▸ **DATA BELOW**:
######
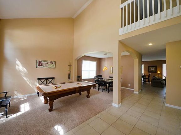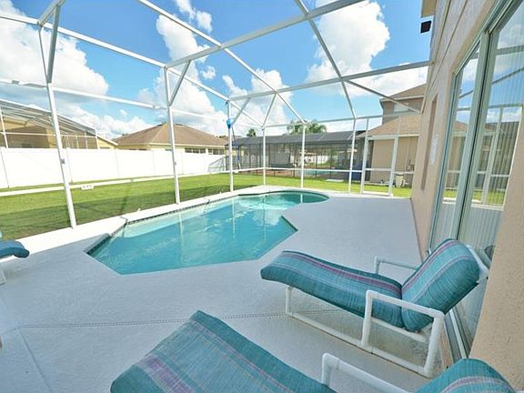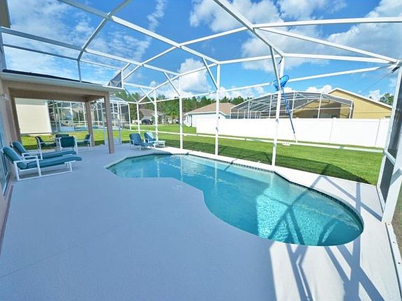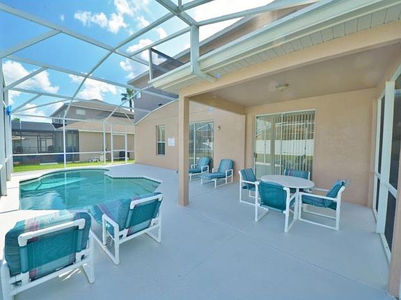 Fantastic floorplan in this 6 bedroom 4 bath home located in the Highlands Reserve Golf community. Recently painted both inside and outside, New AC and all new carpet upstairs and in living / dining room combo. A large eat-in kitchen with plenty of cabinet space, center island and closet pantry is open to the spacious family room. One bedroom and full bath on first level. Upstairs are 5 additional bedrooms and 3 bathrooms. This home is being sold fully furnished and has been used as a vacation rental by the current owners. Enjoy your morning coffee and watch the sunrise while sitting by your private, screened in pool. The golf enthusiast will enjoy remarkable scenery on this top rated Central Florida golf course. Highlands Reserve is a quiet community minutes from area attractions, shopping, supermarkets, area schools and more.
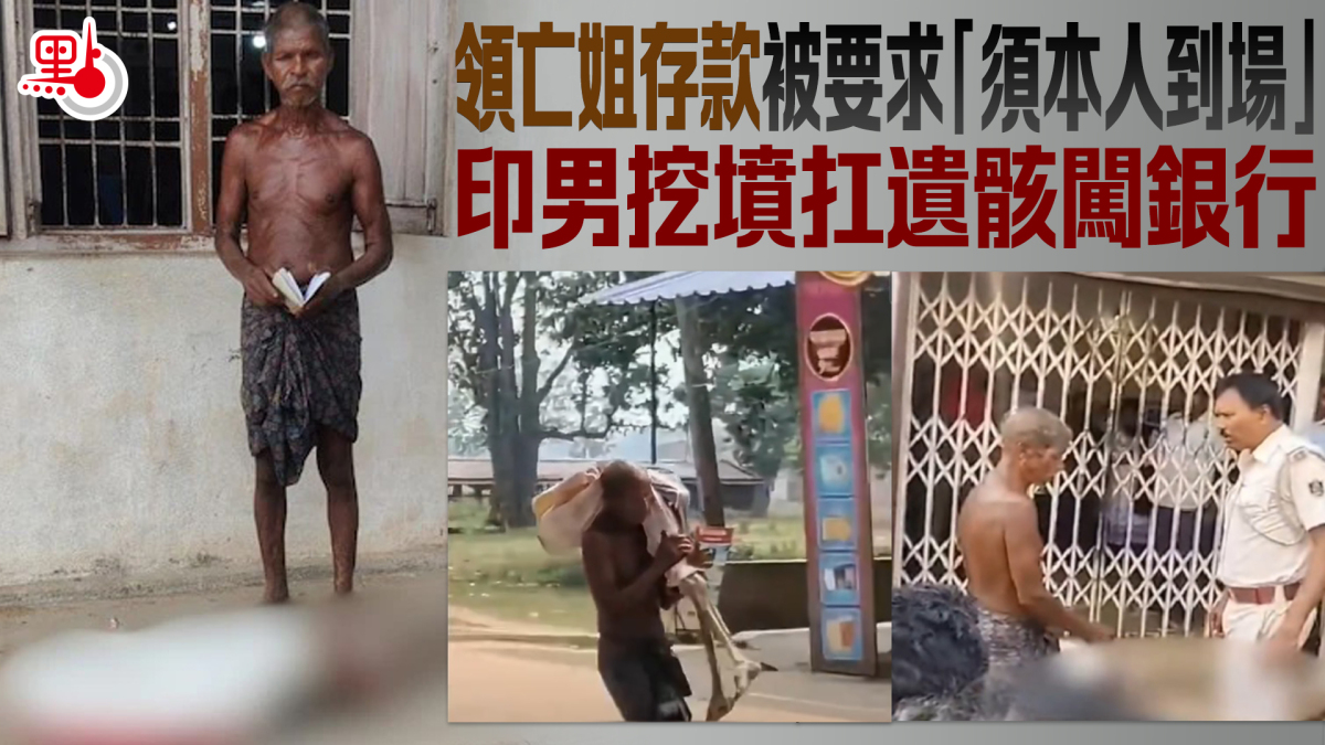 【點新聞報道】印度奧里薩邦近日發生一宗震驚社會的事件。一名貧困男子因長期無法從銀行領取已故姐姐的存款,竟在絕望之下挖出姐姐遺骸,直接帶往銀行「證明已死亡」,事件引發當地警方與政府介入處理。
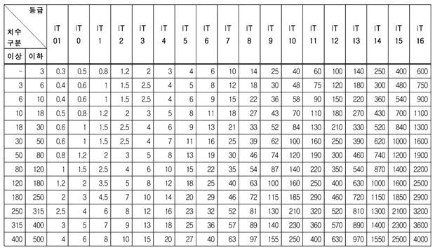 이것을 500mm까지의 치수를 표와 같이 구분하고 또, 공차를 01 급에서 18급 까지의 20단계로 구분해서 각 치수 구분마다에 치수 공차를 정한 것입니다.
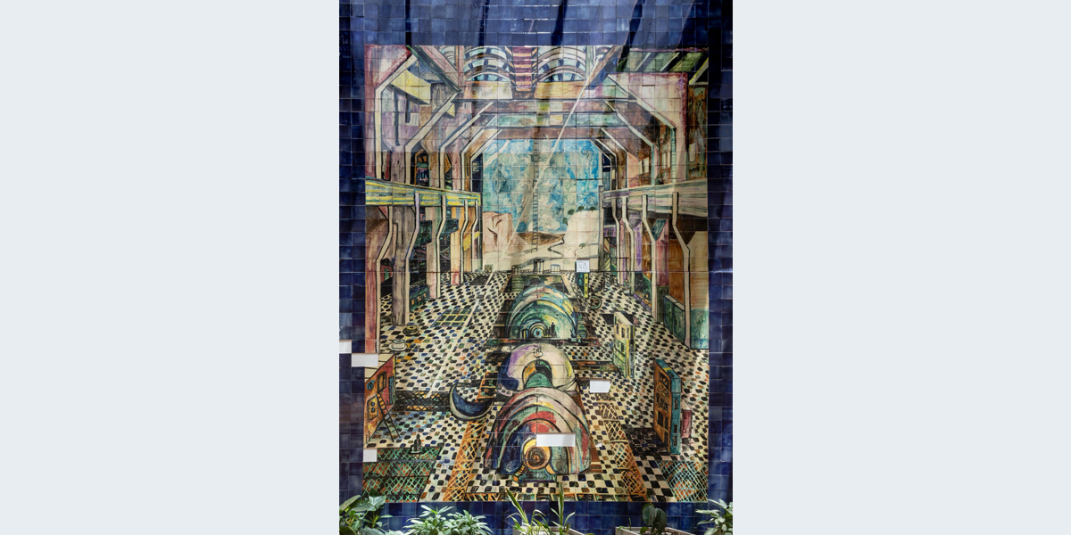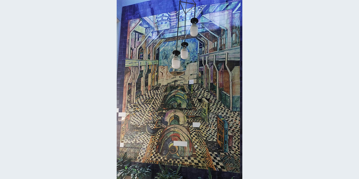 תיאור חלל אולם הייצור הגדול בתחנת הכוח ההיסטורית רדינג א בתל אביב־יפו. את הציור צייר מיכאל קובנר, וביצוע העבודה על האריחים הופקד בידי ארמן דריאן.
######
▸ **TASK ITEM**:
Only the lines from the one containing "이것을 500mm까지의 치수를" through the final line of the data should be given again, exactly and without pictures.

▸ **FINAL ANSWER**:
 이것을 500mm까지의 치수를 표와 같이 구분하고 또, 공차를 01 급에서 18급 까지의 20단계로 구분해서 각 치수 구분마다에 치수 공차를 정한 것입니다.
 תיאור חלל אולם הייצור הגדול בתחנת הכוח ההיסטורית רדינג א בתל אביב־יפו. את הציור צייר מיכאל קובנר, וביצוע העבודה על האריחים הופקד בידי ארמן דריאן.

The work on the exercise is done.